What got me out was being willing to take the help that was offered. Sometimes it’s hard to take help when it comes from people who don’t understand. They know so little of the real world, even though they run it. But if you want to know how to function in their world, you have to befriend them instead of blaming them. It goes both ways. It’s not their fault they were born free.

I have three sisters. Two of us are out, unshackled and walking freely. One is still struggling, but is learning to lighten her load. Another gave up a long time ago. I still have hope for her. She’s been given help but can’t see her way anymore.

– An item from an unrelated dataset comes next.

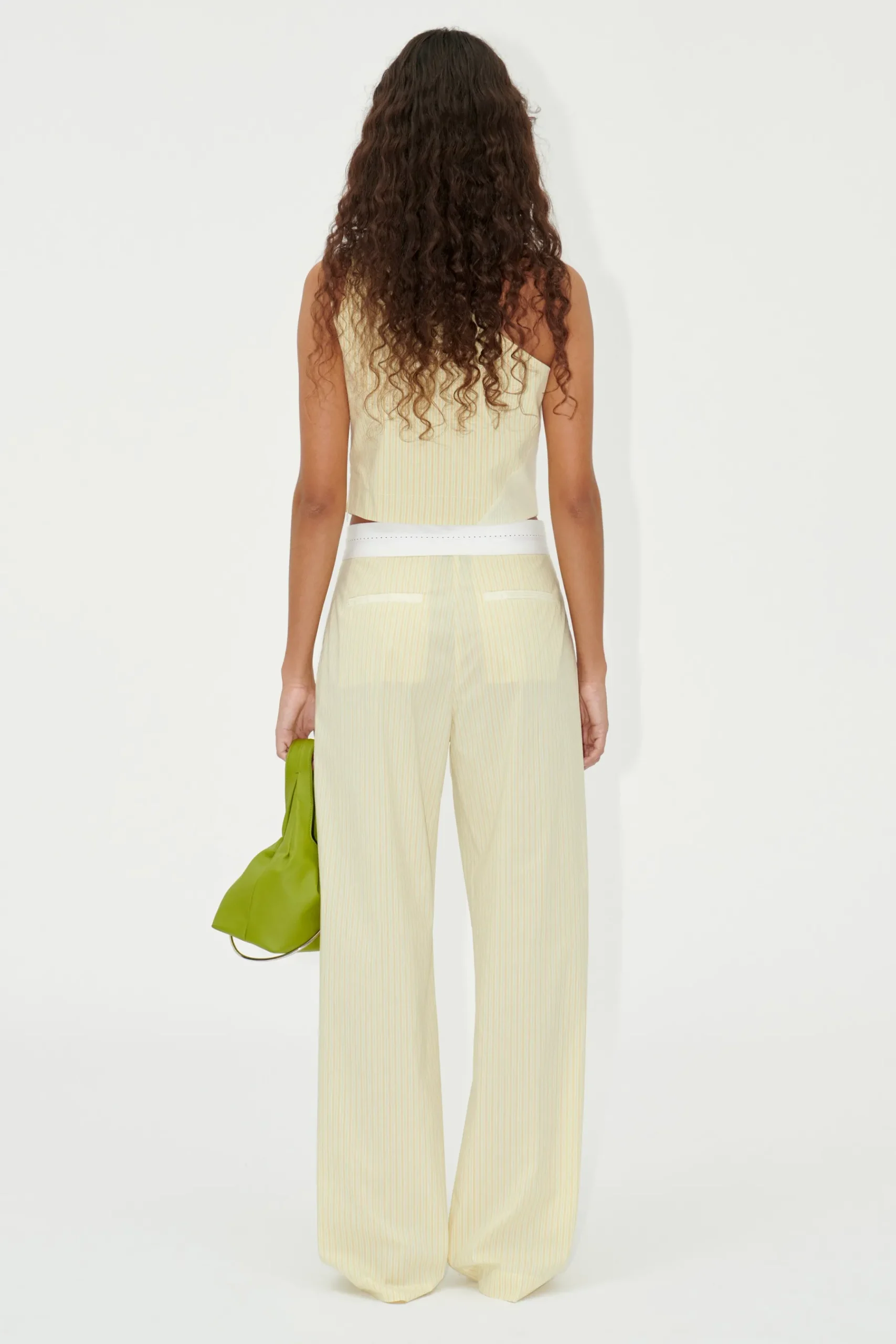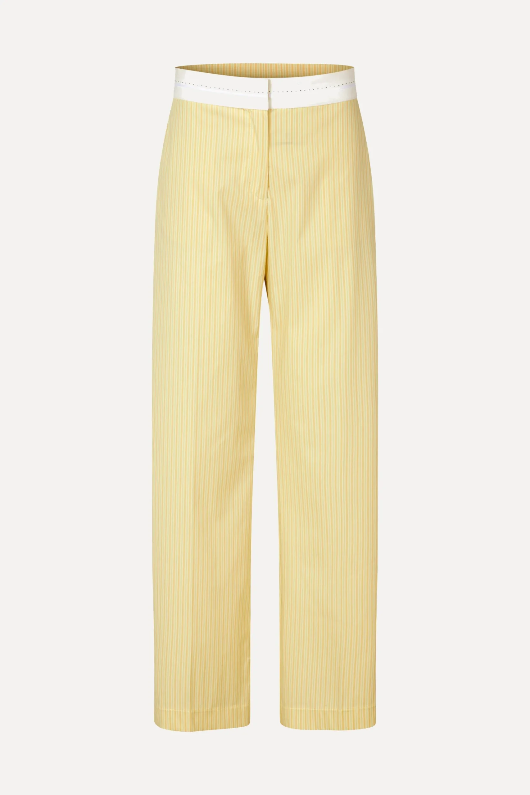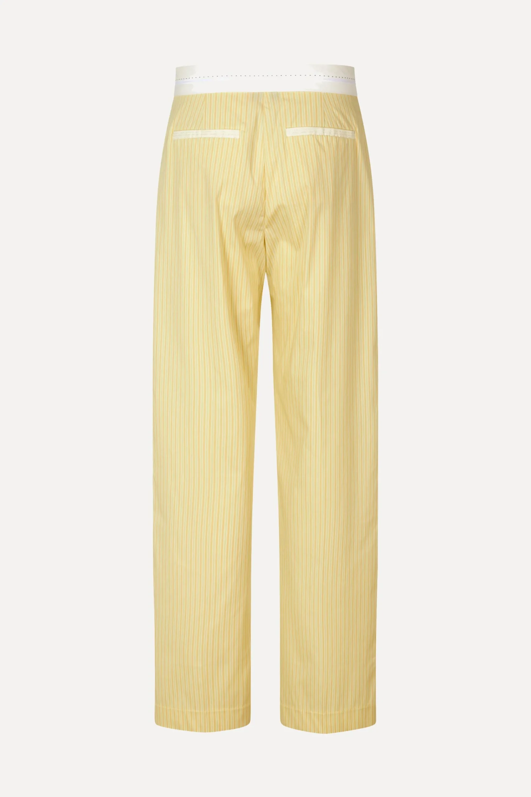 Slouched wide leg pants with deconstructed waistband, spacious side pockets and simple striped pattern.
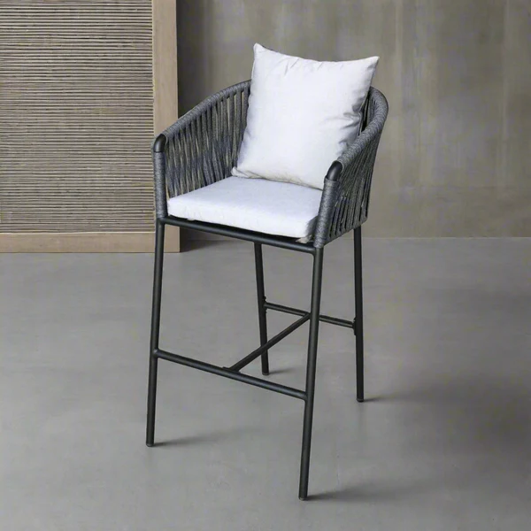 تأتي الكراسي بتصميم عصري يجمع بين الراحة والبساطة، لتناسب ديكورات الكافيهات والمطاعم الحديثة. الألوان الأنيقة — أحبال رمادي غامق × قماش رمادي فاتح — تضيف لمسة فخمة لأي مساحة وتجعلها أكثر ترحيبًا وأناقة. التصميم مريح ومناسب للاستخدام الطويل بفضل الانحناءات المدروسة التي تدعم الظهر والجلسة.

I have a farmhouse now, out in the country. I have apple trees, and chickens and pigs, and a husband who doesn’t understand me even a little bit and who adores me anyway. I have three children, and they are thriving. I make them do chores. They make me laugh. They ask, when the apple tree is ripe, why I have to use every apple. Why I have to make 68 quarts of applesauce, why I have to donate the rest to the food bank. Why can’t I just leave the apples to rot, the way the neighbors do?

Because it’s a shame to waste food, I reply, while there are children out there tonight who are going to bed hungry.